There is a response to language that recognizes the
dried blood of the vowel. There are consonants with affinities to plastic. Belt
buckles, the monumental effulgence of indulgence, galaxies, Cepheids and giant
stars in Andromeda, figured chorales and phantasies, bundles of myelinated
dendrites and axons and neurons, poetry and heterotrophic bacteria. The Holy
Bible. The Koran. The Upanishads. Steel and moccasin and the lethal innocence
of a glamorous abyss.
My reflections are ensembles. There is an emphasis
on the hand. On hands. Hands on hands. The imprint of a finger which is intimate
and inexorable and part of the mess that is mud.
The real meaning of money is sexual and is absorbed
by something inside itself that enlarges by a mysterious accuracy of accounting
into speculations and derivatives and whispers of virtue that decay in an
instant.
I prefer sticks, trowels, knives. I prefer the
enigmatic calamity of a poem to the conceptions of real estate which are
exclusive and private and exult in Arizona light. The poem is a blast of
dynamite. It baffles the blood and rips the world apart. It usurps the tyranny
of day. It needs to think. It needs to float like an abstraction beside the
mind of an ant.
Here is the mind of an ant tied to a fencepost with
rags. There is a cow nearby chewing grass. This is called rumination.
There are curious people and incurious people. The
curious people are never satisfied. The incurious people go to sleep with their
eyes wide open.
The sun shines over England. It operates by pulley
and cord. At one end is a plant exceeding its divisions and at the other end is
a bedspring arguing with the lucidity of a stained glass window. Along comes
Sir Philip Sydney who says that there is no art delivered to mankind that hath
not the works of nature for his principal object.
By works of nature I believe he means frogs and
oysters.
Or roses and breasts.
Or the square dance, which is rarely square, but in
continuous movement, and fitted to spritely phrases of music.
I propel myself by proposition. There is a pattern,
but it is totally hyperbolic, and chintz. In the end is the beginning.
Consonants click like insects and walk around in them looking for ornamentaion,
configurations pushing and squirming to be born, to crawl out of a paragraph
and spring into meaning, to become a belief dwelling in the incandescent
tensions of a begonia.
I sense the unseen presence of a nail in a
declension of wood. A maelstrom of silver sweetening the bitterness of death. A
reminiscence of blue assuming the shape of a teakettle in a Technicolor western
starring Sir Philip Sydney and Louisa May Alcott.

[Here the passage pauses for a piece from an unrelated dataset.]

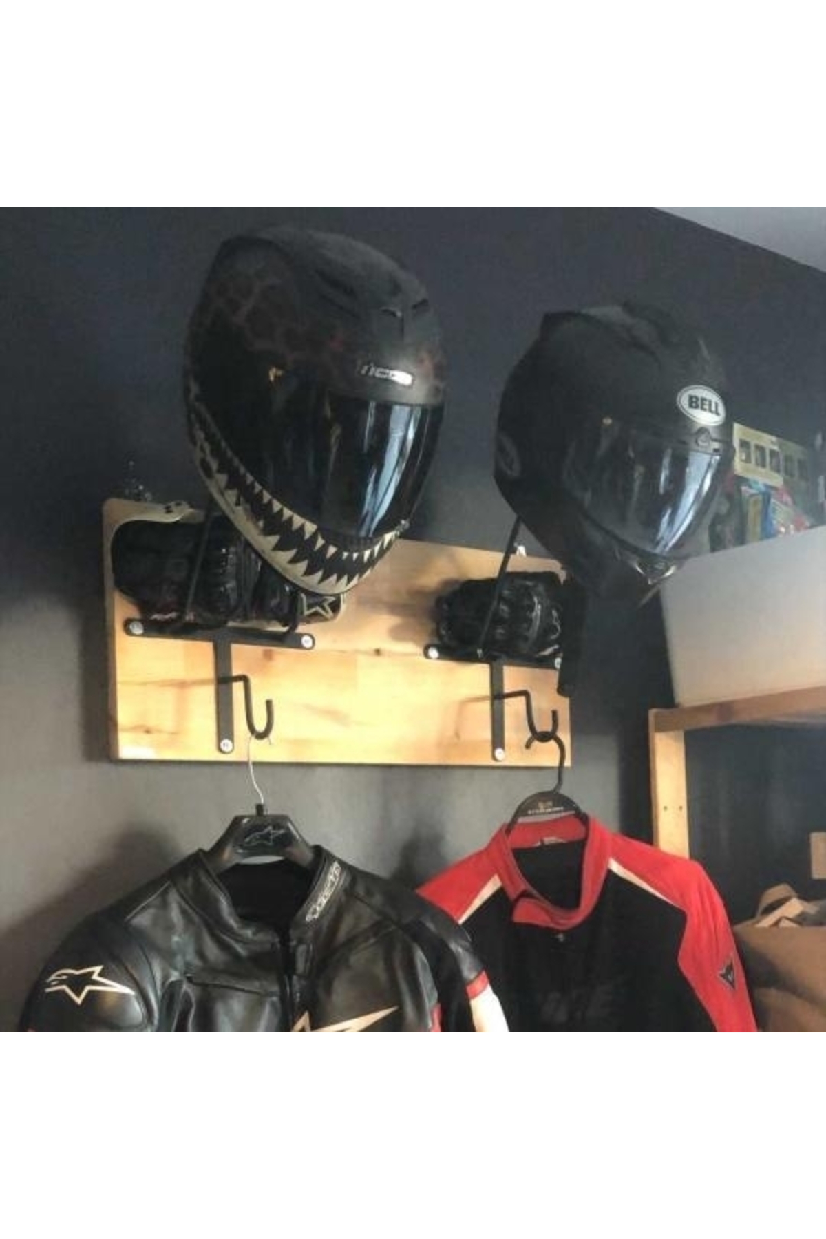 SPECIAL HELMET HANGER, COAT RACK, EQUIPMENT RACK FOR MOTORCYCLERS Product Features SPECIAL DESIGN THAT DOES NOT CONTACT THE PAD - Metal part angles and lengths are specially designed and do not come into contact with the protective pad inside the helmet. When you place your helmet correctly, it rests on the visor upper gap and the upper part of the neck, allowing your helmet to lie flat as if it were on your head, without touching the pad. - The metal design of the helmet hangers is independent of the size of your helmet and is suitable for all sizes. - It is manufactured using 6mm Transmission iron. It does not bend or bend and is extremely durable. - Baked Electrostatic Black Matte Texture Painted. In this way, the metal parts do not scratch or rust and maintain their form for years. - Panels used in wooden models are made of BB - BC quality natural wood solid panels (models with smooth edges are X2-MP, Pine or Spruce) or specially cut from imported Russian pine and made of solid, one-piece natural wood panels (models with natural looking edges are X2-Natura). is manufactured. - Printed and illustrated models are Glossy 1st Class Canvas prints. The canvas print is placed on a wooden panel and stapled at the back. HELMET RACK, COAT RANGER and KEYRING RANGER - 2 cobra hooks are delivered with the product to hang your keys. You can mount these hooks at any point you want on the panel. - There is a hook on each metal part of the helmet hanger bars to hang your coat on the clothes hanger. Metal parts are delivered disassembled to prevent damage to the panel during shipping. You can mount it practically with 3 screws. Screws and washers are packaged within the product. EASY INSTALLATION Easy installation with two hangers on the back. All you have to do is place a dowel and two screws on the wall. You hang the product like a painting. Since the wall type is unknown, the screws and dowels to mount it on the wall are not included in the package. Product Dimensions SINGLE HANGERS - 30X50cm back panel size. DOUBLE HANGERS - 30x70cm back wood panel size. ECO MODEL - 10x50cm back wood panel size. PERSONALIZATION - If personalization is desired on the panel, NAME-SURNAME, LOGO or NICKNAME can be engraved with CNC Laser, free of charge, in the lower left corner. - If orders come from sales channels, Genuine Leather is personalized and added to the package. You can easily stick it to any corner of the panel you want. - Do not forget to send your photos in the appropriate resolution and format for our hangers prepared as canvas prints. IN CASE OF SHIPPING AND DAMAGE - Although it is a very, very rare situation that we encounter the product being damaged in shipping, we kindly ask you to please contact us. We always deliver a new one to replace the damaged part. - It is very important for you to spare time for your damaged cargo and keep a cargo damage report so that our efforts do not go to waste. Even if there is no report, we will definitely resolve your grievance. GGART DECORATION - GGART HANDMADE

A band of Action Painters led by the notorious
Jackson Pollock and called the Pollock Gang ride into town and rob the paint
store. They are tracked down by Sir Philip Sydney who arrests them and puts
them in poetry jail where they stare out of their bars with fierce colors and
angry looks. They break out of poetry jail and terrorize Wyoming with wild abstractions
and exclamations of orange. Sir Philip Sydney devotes the rest of his life to a
stream of consciousness where he fishes for metaphors and fries them up in a
cast iron allegory over a blazing fire of delinquent hickory.
I could go to more personal lengths to get my point
across but I forgot what the point is. Did I have a point? The point is this:
Eyes in the Heart. Shimmering Substance. Be an outlaw. Be a celebration of
mass. Life is not about maneuvering gases life is about joy and space and souvenirs
of anguish. Life is ecstatic and irritable. Life is a magnificent vulgarity of
wire and shells and little blind eyes pushed here and there. Life opens out
into a colossal anthology whose works have Gothic aspirations and a grammar
that writhes around like a boa constrictor. Each word goes beyond its meaning
to culminate in glitter at the end of a sentence where an opinion assumes the
physical reality of a sparkler in the hand of a twelve year old girl named
Cassiopeia.
And then it becomes doctrinaire like the façade of a
cathedral.
A wind-sculpted sand that turns existence into
scripture.
This is true of touch and true of the residue of
thought which is shiny and red and painted to look like dots. Art’s fondest
dream is to push its interior meaning into lumps of morality, which writing
does when it starts to tremble, and becomes a dangerous glamour, a flood of
color and nebulous seething eddies of elliptical yearning.
Or olives and honey.
Or ecstasy and sails.
The nervous legibility of a windblown puddle by a
sidewalk drain. Black fish and white drums. Welding, cutting, assembling. The
silk of a lost aesthetic sewn to a morning pinched by rain.